### PROBLEM TO WORK ON
In this exercise, the entries below include pictures. Repeat exactly the lines from the line with "にんじん、キャベツ、[2]を入れて蓋をし、中火で3~5分煮る。" to the line with "Windows Update の画面で、下記のように", including both, but without the pictures.

### DATA TO USE
- - - -

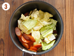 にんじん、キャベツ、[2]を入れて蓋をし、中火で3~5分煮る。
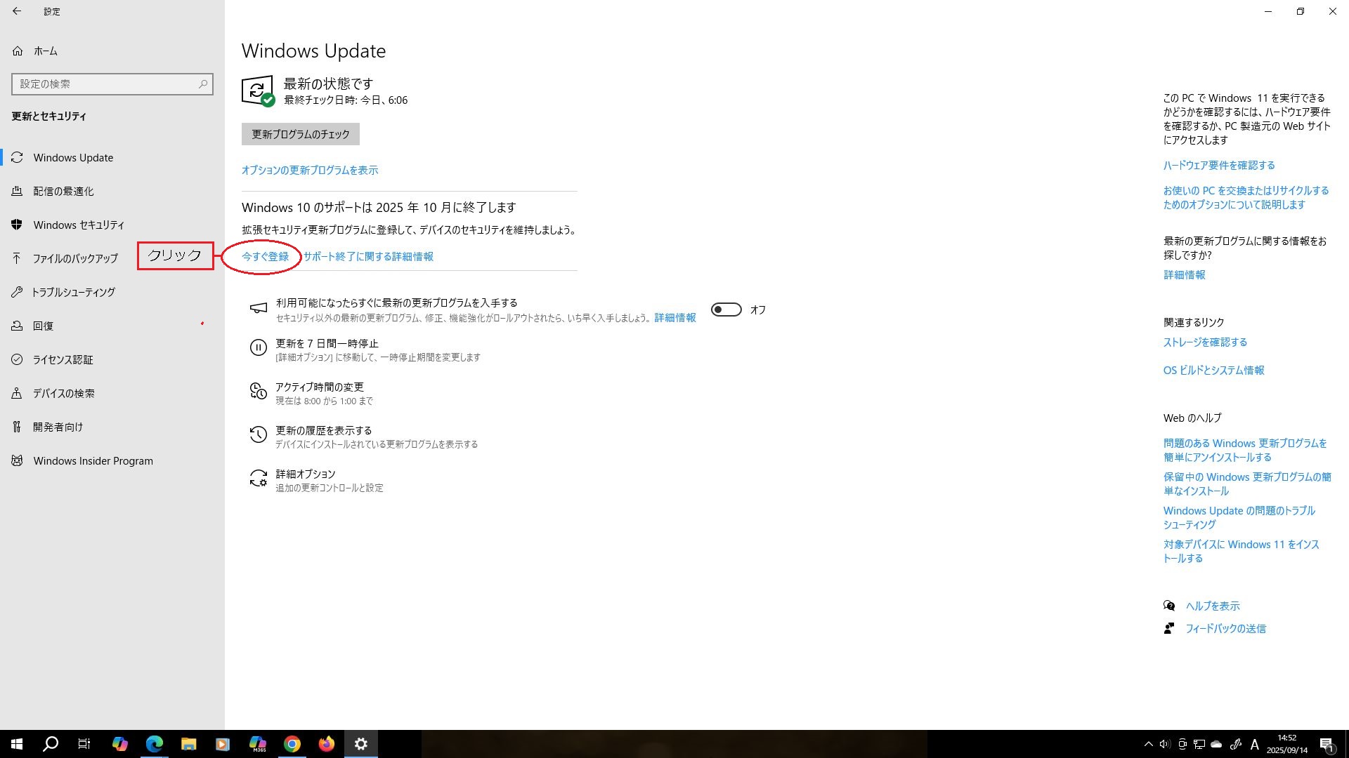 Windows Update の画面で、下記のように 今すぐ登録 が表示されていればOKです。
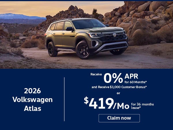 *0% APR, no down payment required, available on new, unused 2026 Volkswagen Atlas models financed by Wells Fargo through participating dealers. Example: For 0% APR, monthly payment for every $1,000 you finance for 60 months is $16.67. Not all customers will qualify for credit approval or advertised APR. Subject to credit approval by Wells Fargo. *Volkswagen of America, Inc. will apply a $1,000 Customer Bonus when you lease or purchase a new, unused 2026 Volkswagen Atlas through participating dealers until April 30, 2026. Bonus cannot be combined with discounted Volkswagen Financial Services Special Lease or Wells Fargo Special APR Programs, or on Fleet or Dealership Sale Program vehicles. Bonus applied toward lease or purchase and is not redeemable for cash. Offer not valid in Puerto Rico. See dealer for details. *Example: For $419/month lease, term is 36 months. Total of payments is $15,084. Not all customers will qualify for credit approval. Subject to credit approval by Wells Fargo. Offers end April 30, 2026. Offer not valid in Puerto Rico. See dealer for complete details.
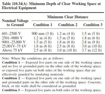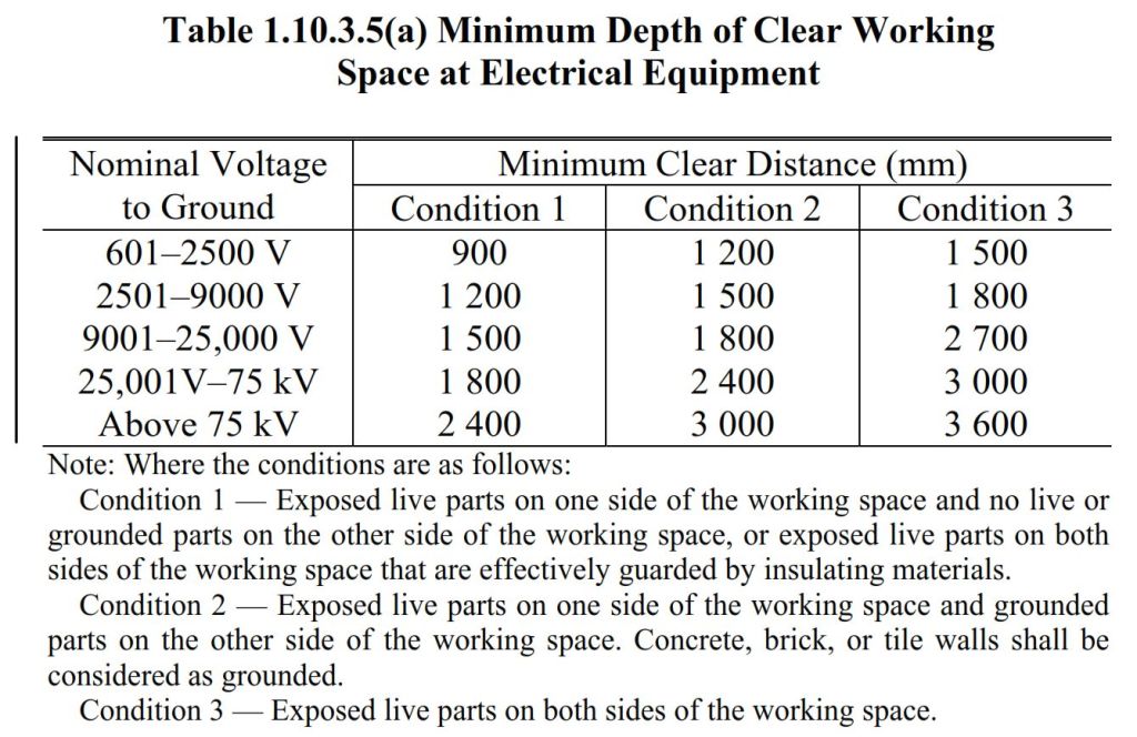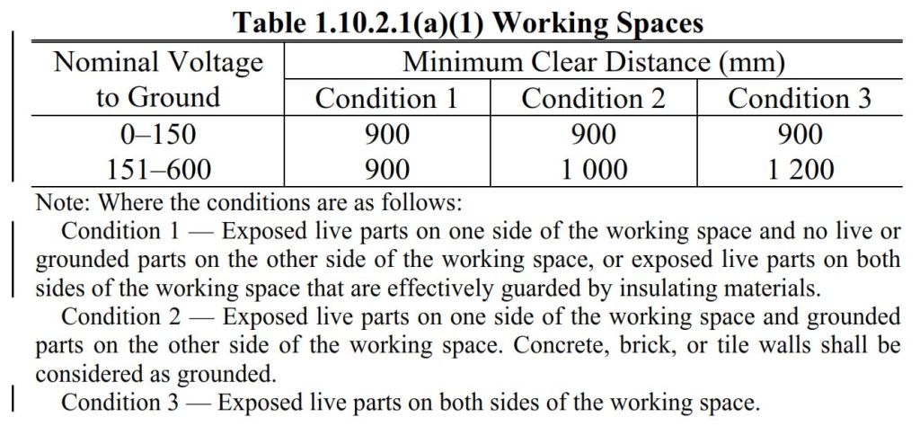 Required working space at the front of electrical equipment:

- - - -

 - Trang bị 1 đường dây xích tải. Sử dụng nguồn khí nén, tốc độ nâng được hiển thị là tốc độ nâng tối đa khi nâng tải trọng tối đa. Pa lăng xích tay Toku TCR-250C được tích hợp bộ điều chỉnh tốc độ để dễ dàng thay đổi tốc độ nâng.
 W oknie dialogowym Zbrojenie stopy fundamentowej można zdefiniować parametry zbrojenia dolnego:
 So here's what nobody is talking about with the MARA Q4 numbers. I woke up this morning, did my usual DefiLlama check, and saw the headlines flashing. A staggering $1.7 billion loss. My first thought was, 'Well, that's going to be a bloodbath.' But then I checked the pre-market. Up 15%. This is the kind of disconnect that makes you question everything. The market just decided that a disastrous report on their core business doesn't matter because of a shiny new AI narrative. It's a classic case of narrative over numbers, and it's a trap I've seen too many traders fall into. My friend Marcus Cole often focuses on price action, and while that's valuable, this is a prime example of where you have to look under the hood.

- - - -

### SOLUTION TO THIS EXERCISE
 にんじん、キャベツ、[2]を入れて蓋をし、中火で3~5分煮る。
 Windows Update の画面で、下記のように 今すぐ登録 が表示されていればOKです。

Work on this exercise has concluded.